(Dataset excerpts)
::::
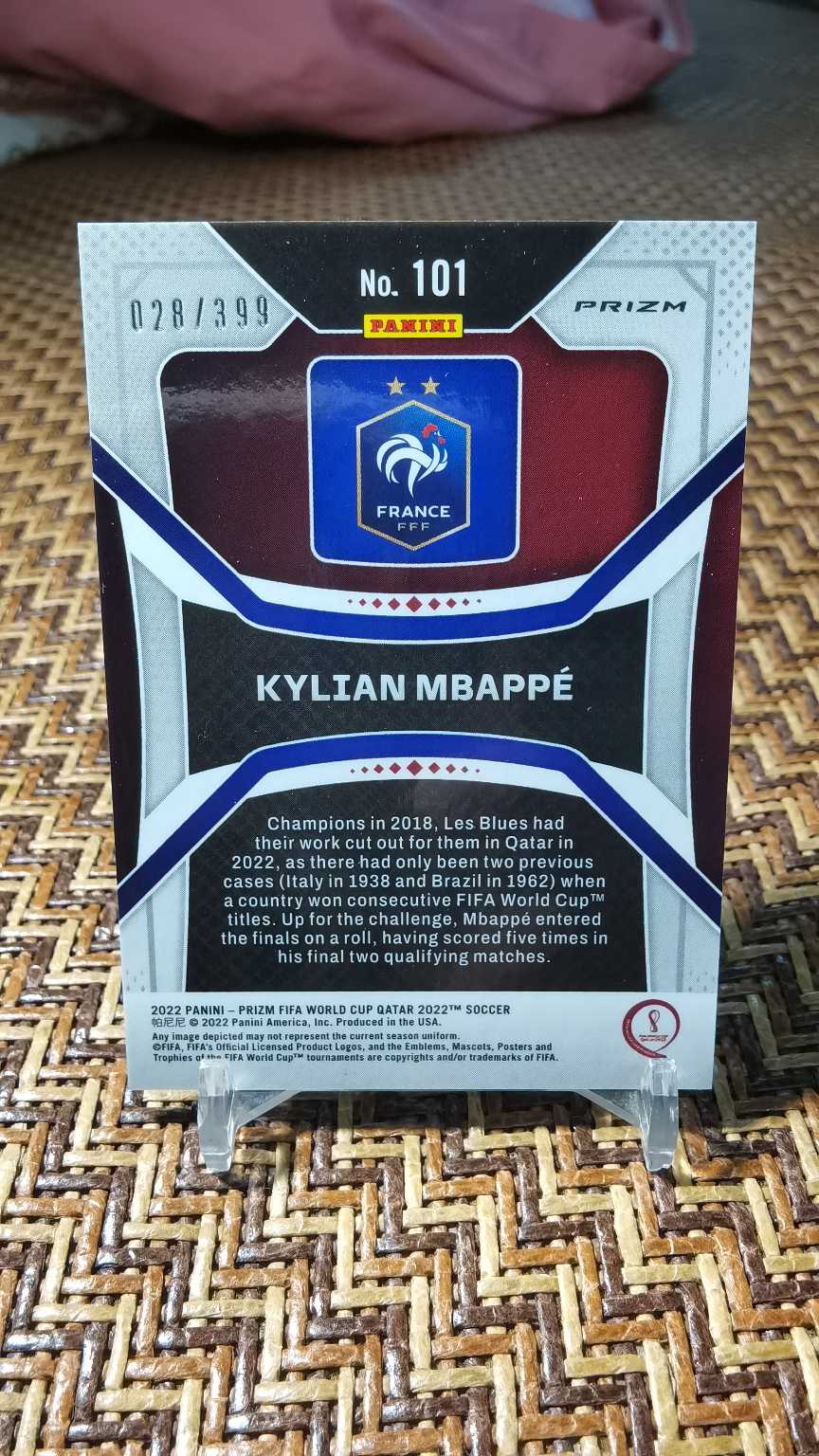 2022 Panini World Cup Prizm Kylian Mbappe 世界杯PZ 基利安姆巴佩 028/399编 红折 法国 皇家马德里 黄马 实卡精美 收藏必备 卡品如图
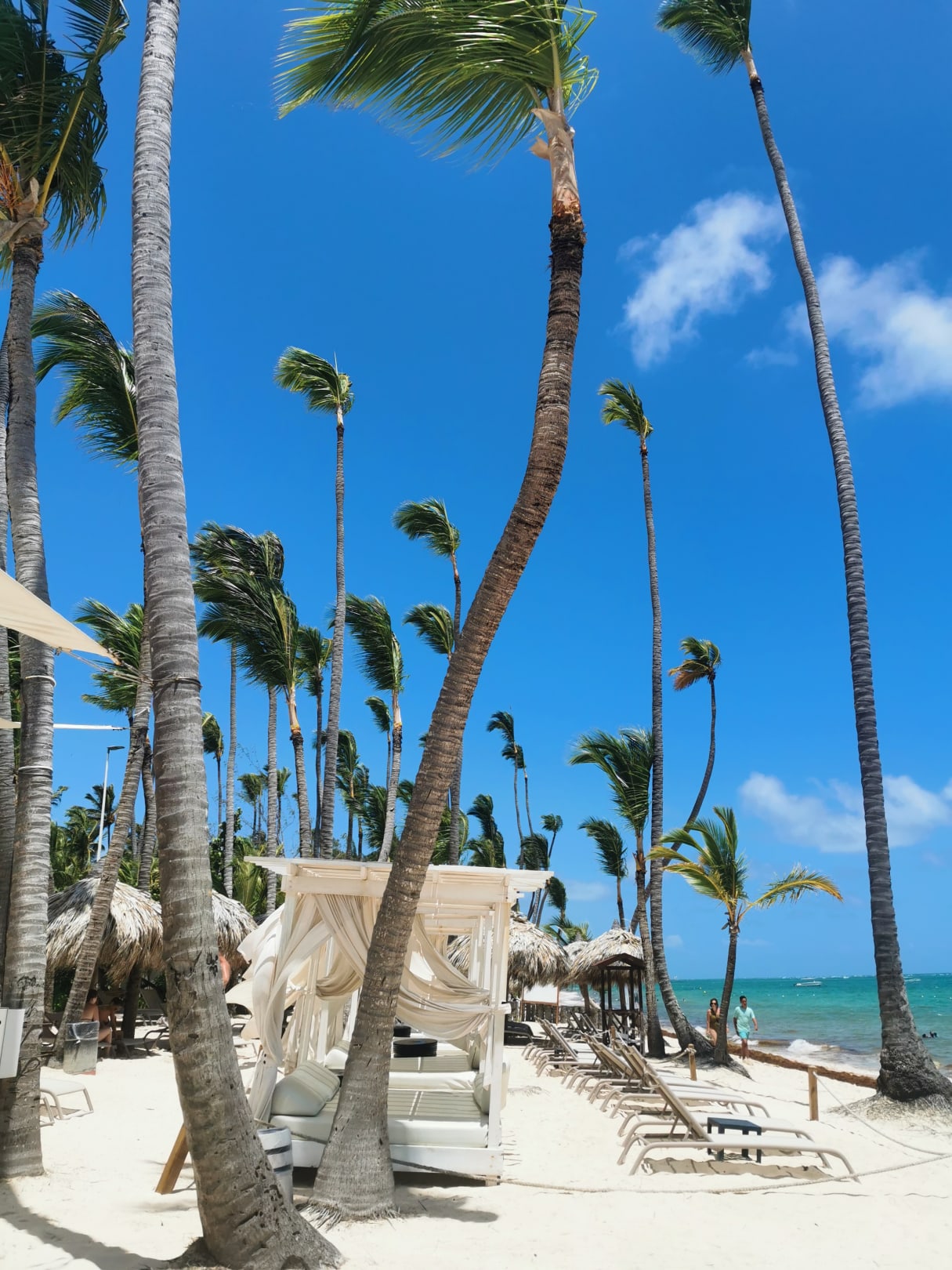 Alle Liegen sind am Strand kostenlos, die Betten müssen reserviert werden und kosten 50 Dollar.
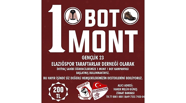 Gençlik 23 Elazığspor Taraftarlar Grubu, örnek bir kampanyaya imza attı. '1 Bot, 1 Mont' ismiyle başlatılan kampanya ile ihtiyaç sahibi öğrencilere yardımda bulunulacak. Kampanyaya katılım bedeli olarak 200 TL fiyat belirlediklerini ifade eden Gençlik 23 Taraftarlar Grubu Başkanı Haker Melih Güneş, "Bu hayır işinde tüm hemşerilerimizin desteklerini bekliyoruz" dedi.
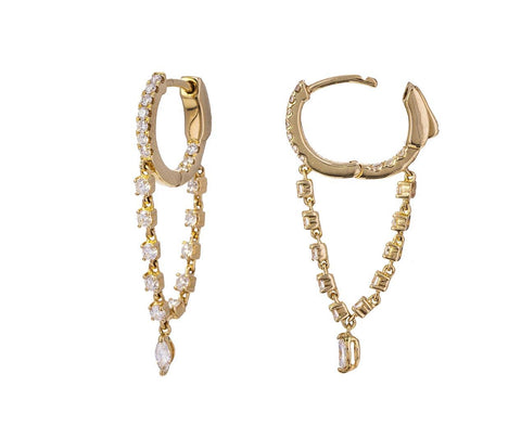 These Anita Ko diamond hoops take the huggie style to a whole new level of luxe and sophistication. The small, diamond set huggies are anchored by a 'v' of front facing diamonds set in a flexible chain. Tiny diamond marquise anchor each earring to create movement and additional sparkle.
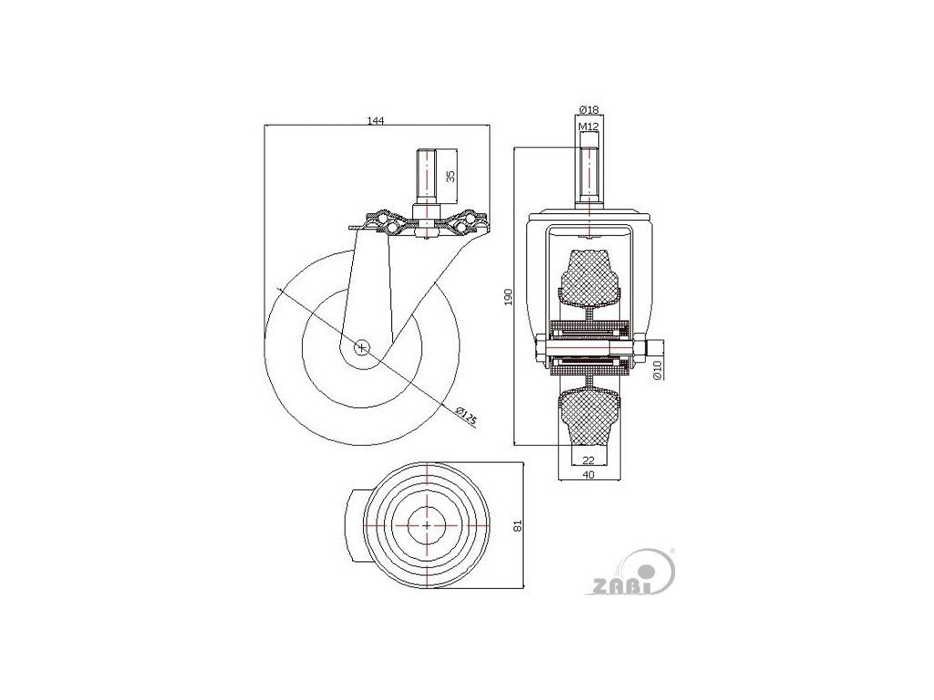 Plastový disk v kombinácii so šedým gumovým behúňom zabezpečuje nízku hmotnosť, tichý chod a šetrnosť k podlahám bez zanechávania stôp. Upínací čap s priemerom M12 umožňuje pevné a rýchle uchytenie kolesa.
::::
Exercise instructions:
The entries above should be retyped exactly, minus any pictures.

Solved exercise:
 2022 Panini World Cup Prizm Kylian Mbappe 世界杯PZ 基利安姆巴佩 028/399编 红折 法国 皇家马德里 黄马 实卡精美 收藏必备 卡品如图
 Alle Liegen sind am Strand kostenlos, die Betten müssen reserviert werden und kosten 50 Dollar.
 Gençlik 23 Elazığspor Taraftarlar Grubu, örnek bir kampanyaya imza attı. '1 Bot, 1 Mont' ismiyle başlatılan kampanya ile ihtiyaç sahibi öğrencilere yardımda bulunulacak. Kampanyaya katılım bedeli olarak 200 TL fiyat belirlediklerini ifade eden Gençlik 23 Taraftarlar Grubu Başkanı Haker Melih Güneş, "Bu hayır işinde tüm hemşerilerimizin desteklerini bekliyoruz" dedi.
 These Anita Ko diamond hoops take the huggie style to a whole new level of luxe and sophistication. The small, diamond set huggies are anchored by a 'v' of front facing diamonds set in a flexible chain. Tiny diamond marquise anchor each earring to create movement and additional sparkle.
 Plastový disk v kombinácii so šedým gumovým behúňom zabezpečuje nízku hmotnosť, tichý chod a šetrnosť k podlahám bez zanechávania stôp. Upínací čap s priemerom M12 umožňuje pevné a rýchle uchytenie kolesa.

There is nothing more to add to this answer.